What to expect on your first visit

Therapists will usually ask you to complete a questionnaire to help them understand some of the things you may be feeling and experiencing and to learn more about your medical background. These questionnaires can be lengthy and you may be asked to speak extensively about your personal history. Expect to review your family history and your childhood experiences.

Try to answer to the best of your ability and to be forthcoming with your therapist. I’m sure you know this, but what happens in therapy stays in therapy and your sessions are completely confidential. This means that no one else,  including current or future employers, can access your records without your knowledge. You should know however that IF your therapist believes there are risks to your or someone else’s physical safety, they are required to notify the appropriate authorities.

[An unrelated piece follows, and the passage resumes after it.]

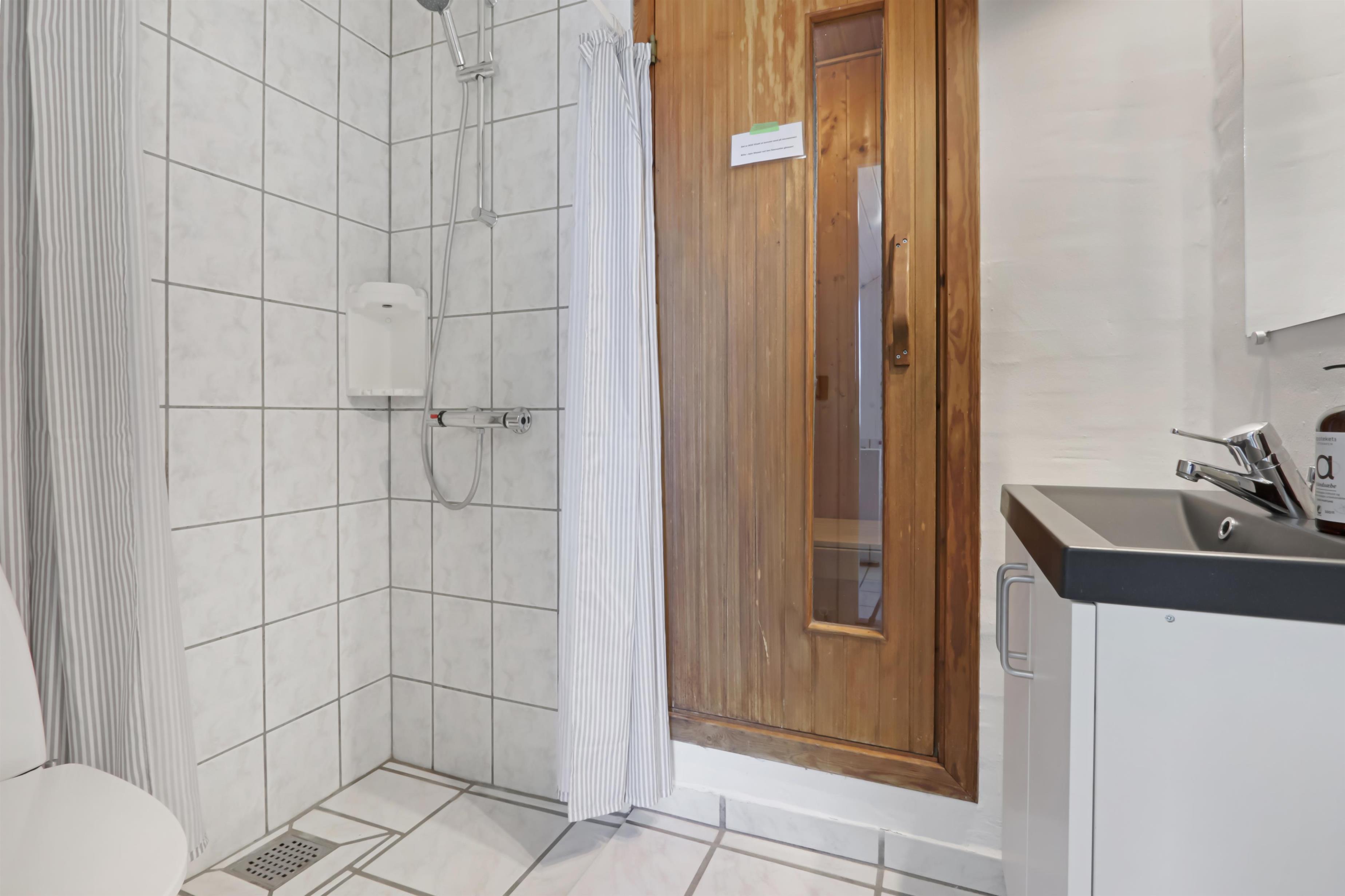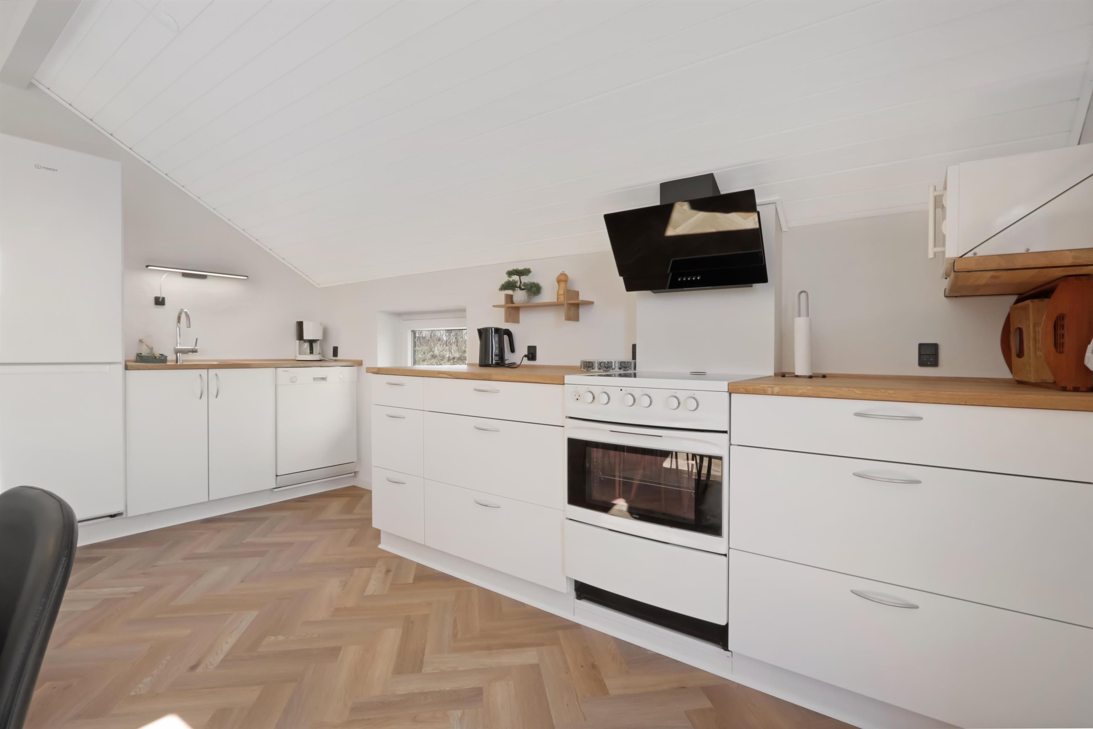 Et dejligt bryggers tager imod jer, her er der god plads til ophængning af overtøj mv, Fra bryggers kommer man direkte ind i stuen som er flot indrettet med gode lædermøbler, brændeovn og varmepumpe som begge er medvirkende til en lavere forbrugsregning, TV med tyske og danske programmer samt et Chromecast med mulighed for streaming af egne programmer via APPs, der er også en DVD, CD og radio. Stuen er med trægulv og gulvvarme. Pænt køkken med elkomfur, køle-/fryseskab, opvaskemaskine og mikroovn. Huset har 2 gode badeværelser med toilet, håndvask, bruser samt flisegulv med gulvvarme Fra entreen er der udgang til et flot sparum med en spa, TV til streamning, vaskemaskine og tørretumbler. I sparummet er der flisegulv med gulvvarme. Fra sparummet er der indgang til det ene af husets badeværelse hvor der også er en sauna. Huset er indrettet med 4 gode soverum: (DS) (2S) (DS) (1S). Til børnene er der barneseng og højstol. Rygning er ikke tilladt. 2 husdyr er tilladt. Billader.

Your first visit may feel unhelpful, but that’s because the first visit is primarily an intake session. You won’t come away with a “diagnosis.”

See Also

 

 

What to do if you don’t like your therapist

Don’t be discouraged! Finding a therapist is like making a new friend. To be able to understand and support you, you should feel comfortable opening up to them, although it may take a few sessions to get there. After a few sessions, if you still feel uncomfortable, if you feel judged or unsupported, you may want to look for another therapist. And it’s perfectly okay to continue your therapy sessions while looking for a new therapist.

 

It’s also important to note that finding a therapist you identify with, meaning one that belongs to your faith or cultural background, is in some cases, essential to you feeling supported. If at first you don’t succeed, keep trying to find that fit.

 

Finally, I would be remiss if I don’t remind you that if you are experiencing suicidal thoughts, it’s important to seek professional help right away.